This is my question:
Does there exist a linear transformation $T:\mathbb R^2\to \mathbb R^3$ such that $$T([1,0]) = [1,2,3] , T([0,1]) = [-1,2,1], \text{ and }T([5,1]) = [4,12,2] ?$$
How do I set up an augmented matrix for this? I tried doing it without setting up an augmented matrix (and then solving it using Gaussian elimination), and got
\begin{pmatrix} 1 &-1 \\ 2 & 2 \\ 3& 1\end{pmatrix}
as my answer. But that doesn't seem right because the last $T([5,1])$ doesn't give me $[4,12,2]$.
Edit: turns out my transformation matrix does gave me [4,12,2], so I know my answer is right, but is there any other way to solve this by gaussian elimination (when there's more complicated inputs unlike [1,0] or [0,1])?
No, your transformation matrix does not give $[4,12,2]$ for $T([5,1])$. You were correct the first time. You’re making some error in the matrix multiplication. At any rate, the product of this matrix with $[5,1]$ is just a repackaging of $$T([5,1]) = 5 T([1,0])+T([0,1]) = 5[1,2,3]+[-1,2,1] = [4,12,16],$$ which is what you probably got the first time. Indeed, it’s clear from the given conditions that there is no such linear transformation since linearity is violated by them. I expect that this was the point of the exercise—to get you to check this before doing any other work. It’s a simple sanity check that you should do whenever you’re faced with a problem of this type.

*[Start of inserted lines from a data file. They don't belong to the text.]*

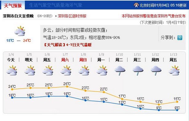 据市气象台预报,深圳平均入冬时间是1月13日,未来4-7日气候依旧温暖。本月深圳市的气候特点将呈现“前暖后冷,春节前有2次降温”的趋势,月平均气温会比同期气候值略高,本月中下旬会有2次较强冷空气,届时将出现3-5天10℃及以下的寒冷天气。(记者晏婵婵)
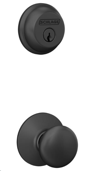 SCHLAGE PLYMOUTH MATTE BLACK ENTRY KNOB & DEADBOLT
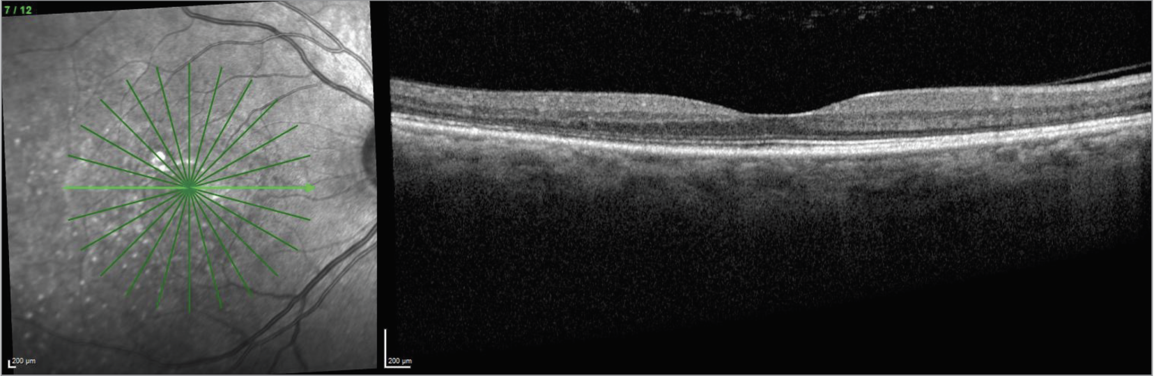 | CaptionFigure 7. OCT of the right eye one year after stopping infliximab. |

Now, you could could certainly set up a matrix with unknown entries and use the three given conditions to generate a system of linear equations in these unknowns, but you would quickly find that the system is inconsistent. However, the transformation matrix can be written down directly from the given conditions. Recall that the columns of a transformation matrix are the images of the basis vectors, which you’ve been given. Therefore, the only possiblity for the matrix of $T$ is $$\begin{bmatrix}1&-1\\2&2\\3&1\end{bmatrix},$$ but, as you correctly determined the first time, this gives the wrong result for $[5,1]$, so once again the correct conclusion is that there is no such linear transformation.